(Source material)

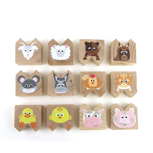 12 animais de madeira
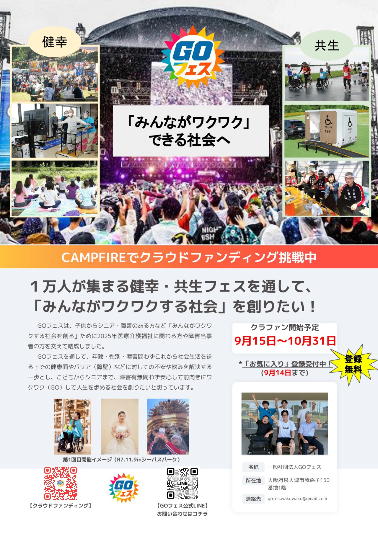 一般社団法人GOフェスのSNSによりますと、「GOフェスは子供からシニア、障害のある方など「みんながワクワクする社会を創る」ために令和7年6月に医療・介護・福祉に関わる方や障害当事者の方を交えて一般社団法人GOフェスを結成し、GOフェス開催に向けて動き始めました!私達はフェスやイベント、普及啓発活動を通して、年齢・性別・障害問わず、これから社会生活を送る上で、健康面やバリア(障壁)に対して不安や悩みを持つ方々に、GOフェスを通じて解決する!を第一歩(スタートアップ)とし、シニアの方や、障害があっても安心して、前向きにワクワク(GO)して人生を歩める社会を創りたいと想っています。
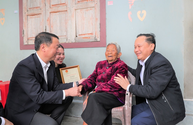 Đồng chí Chủ tịch UBND tỉnh trao quà Tết, chúc thọ cụ Bùi Thị Rớt (SN 1926) ở thôn Tri Lễ, tròn 100 tuổi.
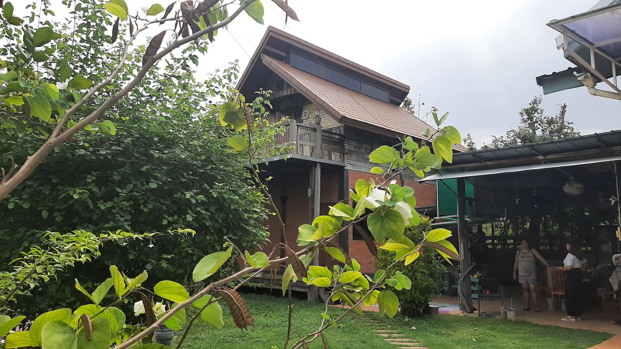 มีบ้านสองหลัง พื้นที่ร่มรื่นให้ความส่วนตัวด้วยพื้นที่ระหว่างสองหลังจัดเป็นมุมรับประทานอาหาร มีห้องน้ำรอบรับแขกด้านนอกตัวบ้าน
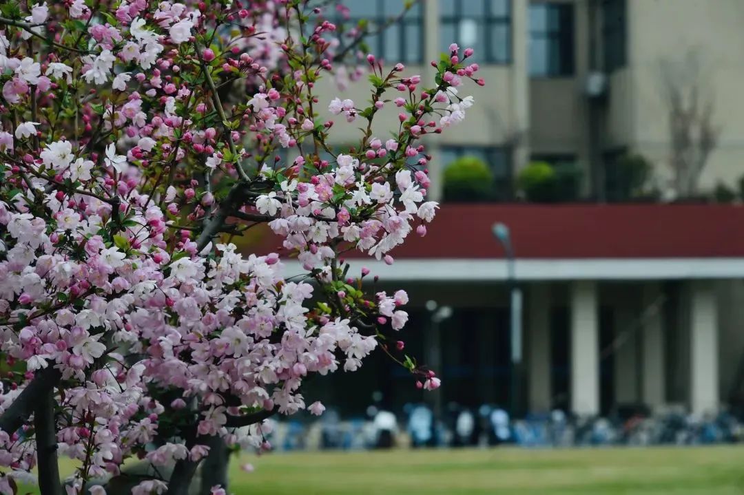 春日和煦,正好花开。里满树樱花灿若云霞上海财经大学的校园,娇羞婉转垂丝海棠,点点繁花,丛生绿草,摇动随风,春景冲凉。
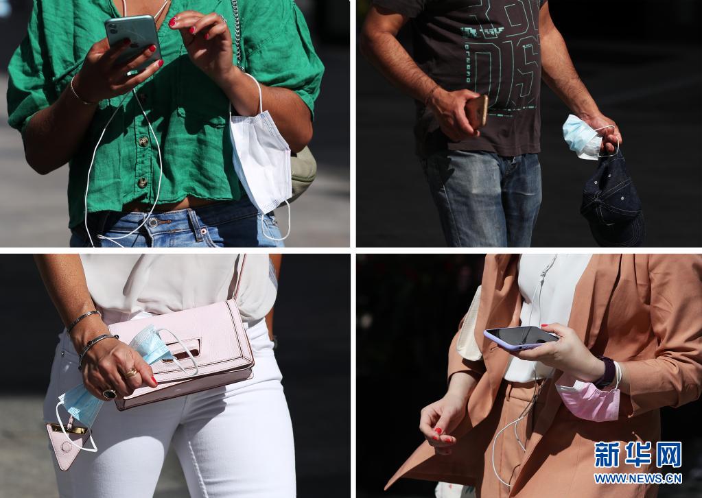 这张拼版照片显示,6月17日,人们拿着口罩走在法国巴黎香榭丽舍大街上。
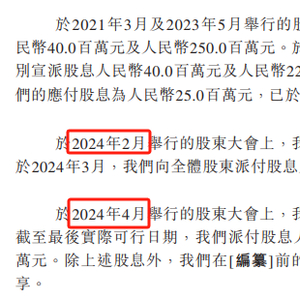 另外值得关注的是,同是在主动撤回A股IPO至向港交所递表这段时间,毛戈平公司两度大手笔分红。2024年2月,毛给平向全部股东宣派股息5亿元,并于2024年3月完成派付款。没过多久,在2024年4月的股东大会上,毛戈平再次大手笔宣派股息5亿元,于最后实际可行日期已派付3.81亿元,应付股息1.19亿元。三个月时间内,两次宣派股息合计10亿元,超出2023全年归母净利润规模。
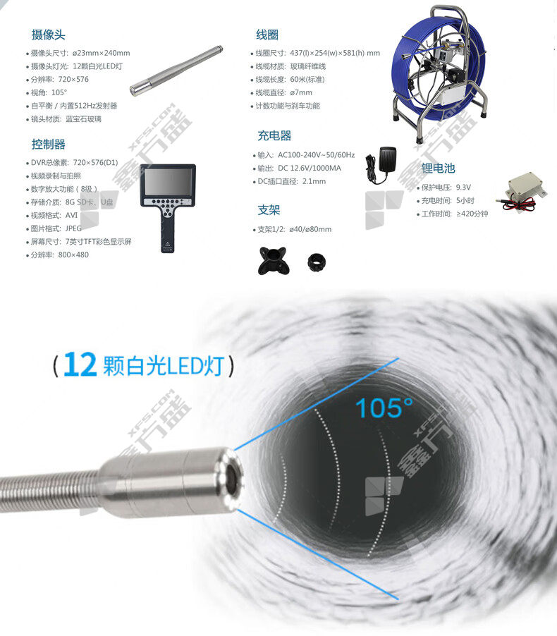 商品名称: 管道摄像机内窥镜 BRK-B3-C23AB 60m
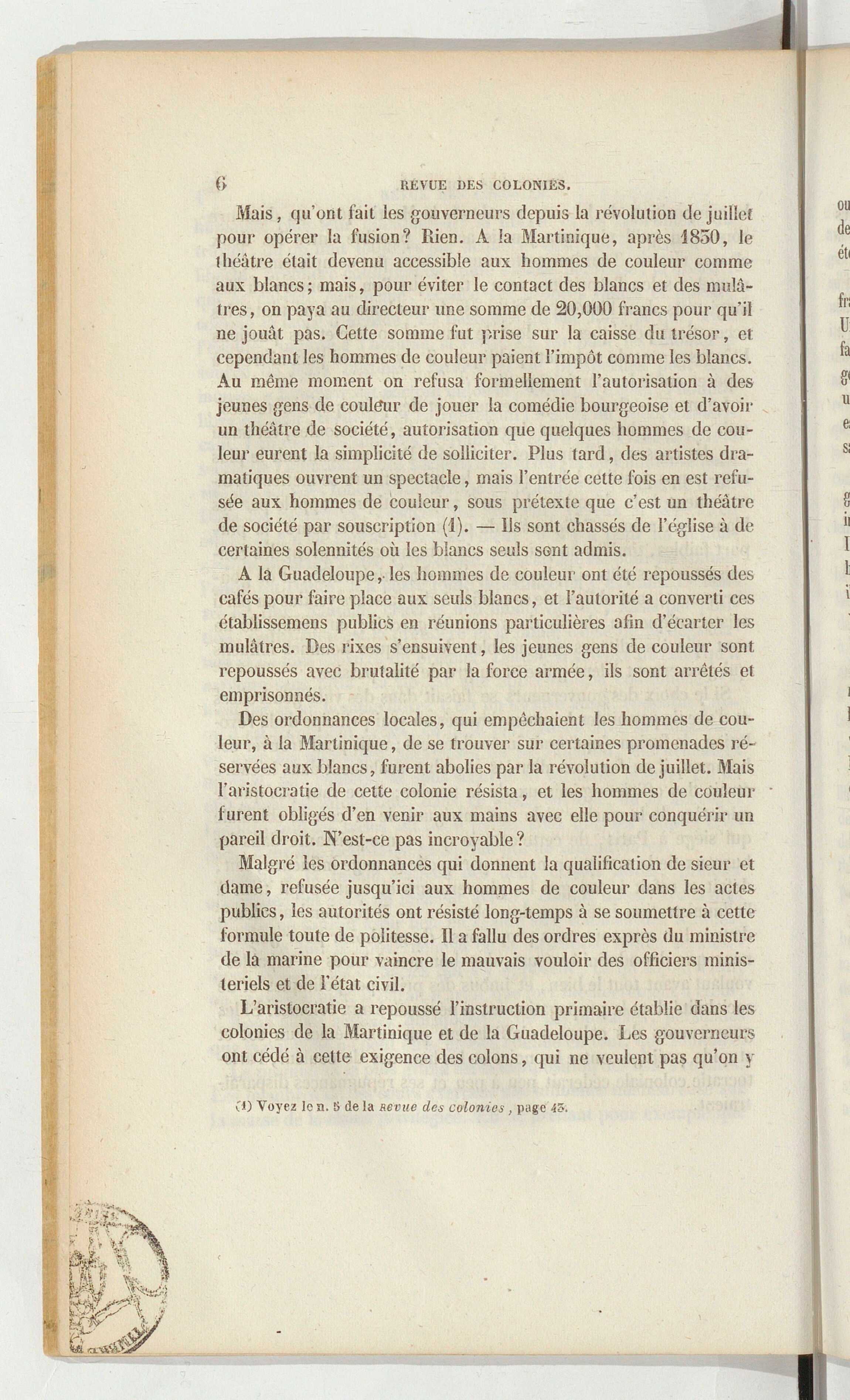 open schools for the oppressed classes: the directors sent from FranceFrance by the Minister of the Navy to establish these schools were obliged to leave the colonies.Administrative officials and European magistrates fraternize with men of color; they receive them at dinner. A governor (his name must be given, to brand him), M. DupotetM. Dupotet, has these officials deported on the complaint of a Creole prosecutor general. This prosecutor general had, shortly before, carried out a ruling of the royal court that sentenced a poor enslaved woman to the lash for having sung La Parisienne (1), without the governor placing the slightest obstacle in the way.Young Creole lawyers and Europeans who want progress in the colonies are paralyzed in their generous efforts; their independence is null before the retrograde party, called oligarchy. There is no possible future for them if they dare to show themselves men of progress. In their pleadings before the courts, they are constantly obliged to be circumspect, never to plead for a man of color or an enslaved person with that ardor and that momentum of conviction; they must plead only for mitigating circumstances, because the royal court—composed of magistrates who want fusion only with scaffolds and the executioner—calls to order or insolently reprimands the courageous lawyer who dares to plead with conscientious energy. From then on, no future for them—only tedium, persecutions, and disgusts of every kind.Such are the principal obstacles which, in those French colonies we know most particularly, delay this fusion, which we rightly consider one of the greatest advances that can be accomplished there. Sincerely desiring the union and fraternity of the two races in the colonies, however great our confidence may otherwise be in the near and universal triumph of philosophy and reason, it is painful to us—and we lament with good cause—to see the government of the metropolis do so little to hasten this triumph in lands where its action could be exercised in so direct and so decisive a manner.

(End Source material)

» **Work item**: What is wanted is an exact copy of the lines above from the one containing "春日和煦,正好花开。里满树樱" through the one containing "商品名称: 管道摄像机内窥镜 BRK-B3-C23AB 60m", with no pictures in it.

» **Task result**:
 春日和煦,正好花开。里满树樱花灿若云霞上海财经大学的校园,娇羞婉转垂丝海棠,点点繁花,丛生绿草,摇动随风,春景冲凉。
 这张拼版照片显示,6月17日,人们拿着口罩走在法国巴黎香榭丽舍大街上。
 另外值得关注的是,同是在主动撤回A股IPO至向港交所递表这段时间,毛戈平公司两度大手笔分红。2024年2月,毛给平向全部股东宣派股息5亿元,并于2024年3月完成派付款。没过多久,在2024年4月的股东大会上,毛戈平再次大手笔宣派股息5亿元,于最后实际可行日期已派付3.81亿元,应付股息1.19亿元。三个月时间内,两次宣派股息合计10亿元,超出2023全年归母净利润规模。
 商品名称: 管道摄像机内窥镜 BRK-B3-C23AB 60m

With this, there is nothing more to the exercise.